输入正整数a,b,c, 输出a/b的小数形式，精确到小数点后c位，a,b <= 10^6 c <=100, 例如 a=1 b=6 c=4 时输出为0.1667

这里其实用到了一个printf的用法，具体请看C API of Printf

Precision: The precision begins with a dot (.) to distinguish itself from the width specifier. The precision can be given as a decimal value or as an asterisk (). If a is used, then the next argument (which is an int type) specifies the precision. Note: when using the * with the width and/or precision specifier, the width argument comes first, then the precision argument, then the value to be converted.
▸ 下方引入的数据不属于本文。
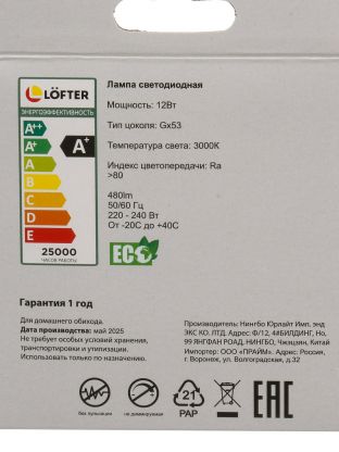 Выберите лампу GX53 12 Вт Lofter — получите тёплый свет, надёжность и ощутимую экономию. Закажите сейчас и воспользуйтесь выгодной ценой с гарантией производителя!

Precision does not affect the c type.

所以最后结果就是:

printf ("%.*lf\n", c, (double)a/b);

习题2-10 排列

用1,2,3,···,9 组成 3 个三位数 abc,def和ghi,每个数字恰好使用一次，要求abc:def:ghi=1:2:3。输出所有解。

从102到329循环，将所有数据输入到一个string里面，然后循环1-9，判断string里面是否都包含这些数字即可

int main(int argc, char *argv[])
{
    int a, digitChar;
    char* pos;
    char str[10];
    for (a = 102; a < 329; ++a)
    {
        sprintf(str, "%d%d%d", a, a*2,a*3);

        for(digitChar = '1'; digitChar <='9'; ++digitChar){
            pos = strchr(str, digitChar);
            if(pos == NULL) // not found such digit
                break;
        }

        if (pos != NULL) printf ("%d %d %d\n", a, a*2, a*3);
    }

    return 0;
}